You are viewing a plain text version of this content. The canonical link for it is here.
Posted to user@hadoop.apache.org by Xuri Nagarin <se...@gmail.com> on 2013/10/08 19:52:08 UTC
Modifying Grep to read Sequence/Snappy files
Hi,
I am trying to get the Grep example bundled with CDH to read
Sequence/Snappy files.
By default, the program throws errors trying to read Sequence/Snappy files:
java.io.EOFException: Unexpected end of block in input stream
at
org.apache.hadoop.io.compress.BlockDecompressorStream.getCompressedData(BlockDecompressorStream.java:121)
at
org.apache.hadoop.io.compress.BlockDecompressorStream.decompress(BlockDecompressorStream.java:95)
at
org.apache.hadoop.io.compress.DecompressorStream.read(DecompressorStream.java:83)
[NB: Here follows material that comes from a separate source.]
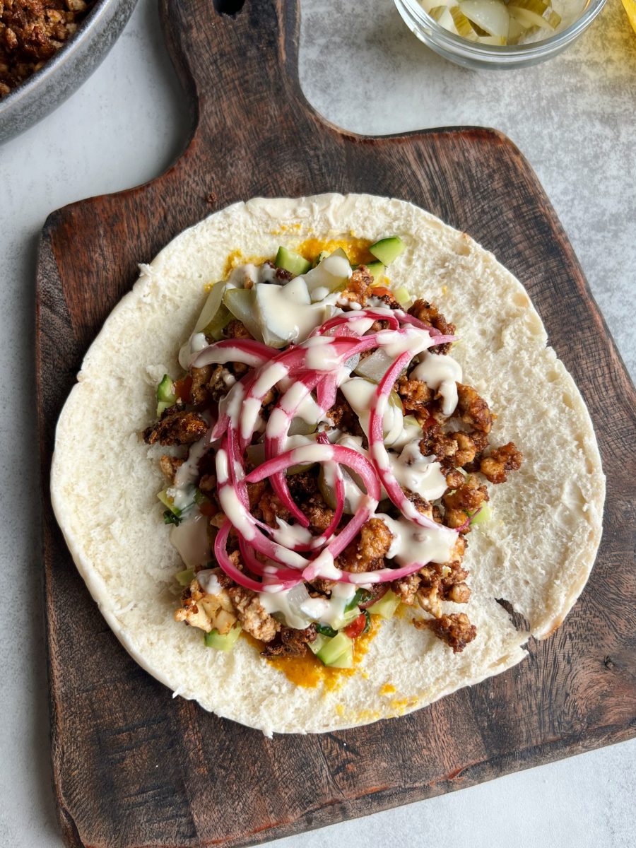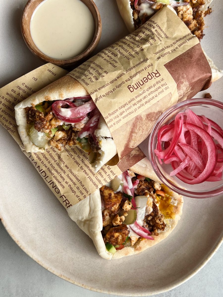 - Once the tofu is ready, assemble your wraps. Slice open your pita in half and spread amba across the middle. Layer with the tofu crumbles, chopped salad, pickled onions, pickles, and a drizzle of tahini. Fold the pita over the center and hold together using parchment or foil. Alternatively, you can cut open the top of the pita and fill the pita with all of the fillings. Drizzle with extra tahini sauce when serving.
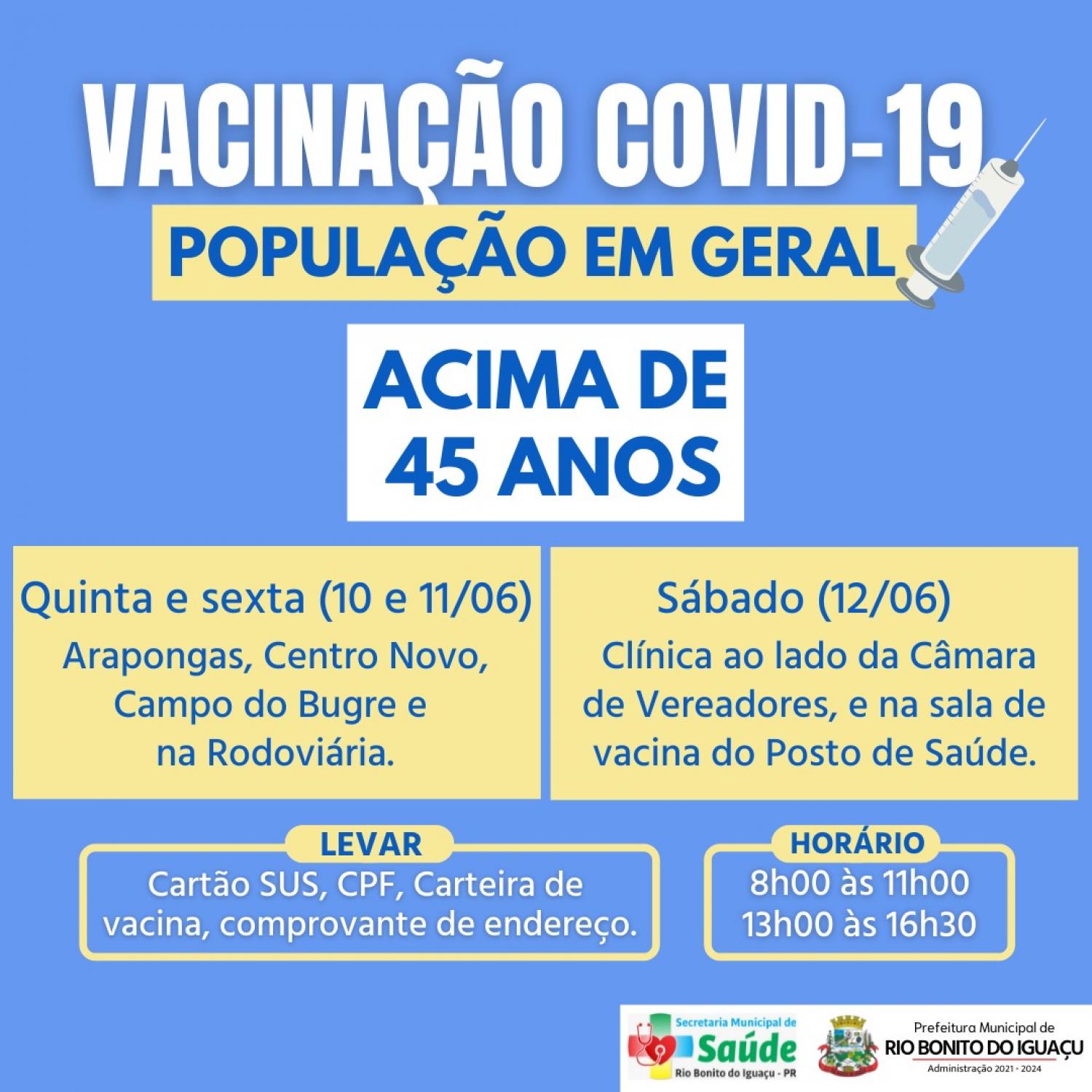 A secretaria de saúde de Rio Bonito do Iguaçu também estará vacinando nesta sexta-feira (11) durante todo o dia e sábado (12) também durante todo o dia, no horário das 08:00 hs às 11 horas e, das 13hs às 16h30min.

at java.io.InputStream.read(InputStream.java:82)
So I edited the code to read Sequence files.
Changed:
FileInputFormat.setInputPaths(grepJob, args[0]);
To:
FileInputFormat.setInputPaths(grepJob, args[0]);
grepJob.setInputFormatClass(SequenceFileAsTextInputFormat.class);
But I still get the same error.
1) Do I need to manually set the input compression codec? I thought the
SequenceFile reader automatically detects compression.
2) If I need to manually set compression, do I do it using the
"setInputFormatClass" or is it something I set in the "conf" object?
TIA,
Xuri